More than just the tonal awkwardness of such a disinterest in humanity, the monsters are softened by a context like this. With no human toll comes no tension. One thing Godzilla Minus One proved was that Godzilla works best as a figure of terror. And when Godzilla isn't permitted to represent this by the script, their foe at least should. But the enemy titans of this movie are pretty pathetic on that front too, even with the powers they wield. No creature is drawn in a way that could cast them as a credible threat to anything we care about. What’s left are a collection of giant monsters (who appear so infrequently next to humans that they don’t register for stretches of the film as giants at all) forced to carry the stakes themselves and being thoroughly unable to do so. Had the movie played up more a factor like Kong’s age (a lot of his hair is grey and early scenes seem to suggest he’s not as fit as he once was), some part of the conflict and drama could work -but it simply never takes advantage.

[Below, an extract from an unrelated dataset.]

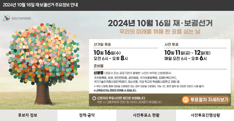 - 사전투표 일정: 2024년 10월 11일(금) ~ 10월 12일(토)

That may be part of the intent though. Some might look at the movie and discern all it needs to be is a monster fight movie -at which it is also a failure due to the fights coming very infrequently and condensed mostly to the end, where granted there is some decent action and creative carnage. It plays a lot of the notes you would want and expect from a movie like this, especially when Kong and Godzilla once more team up. But again, it doesn’t provide a whole lot that the last movie wasn’t able to. And still every scene, inside the action and out, seems constructed so as to maximize generic commercial appeal. Every broad situation and plot point, every relationship dynamic, every trail of dialogue, down to every move by the monsters in their epic showdowns. The script is credited to three very different writers (including former Disney and DreamWorks scribe Terry Rossio), yet it is entirely bereft of personality in its cynical transparency -it doesn’t even pretend to care about Henry or Stevens’ characters once the climax is under way.
The status quo at the end is exactly as it was at the close of the last movie. And fitting to that lack of movement, Godzilla x Kong accomplishes nothing -it is a $135 million excuse for Legendary and Warner Bros. to maintain the marketability of one of the few non-Marvel cinematic universes that hasn’t yet crumbled to dust, without the effort or courage to do something different or compelling. Japan’s just going to have to keep that ball rolling instead for the foreseeable future.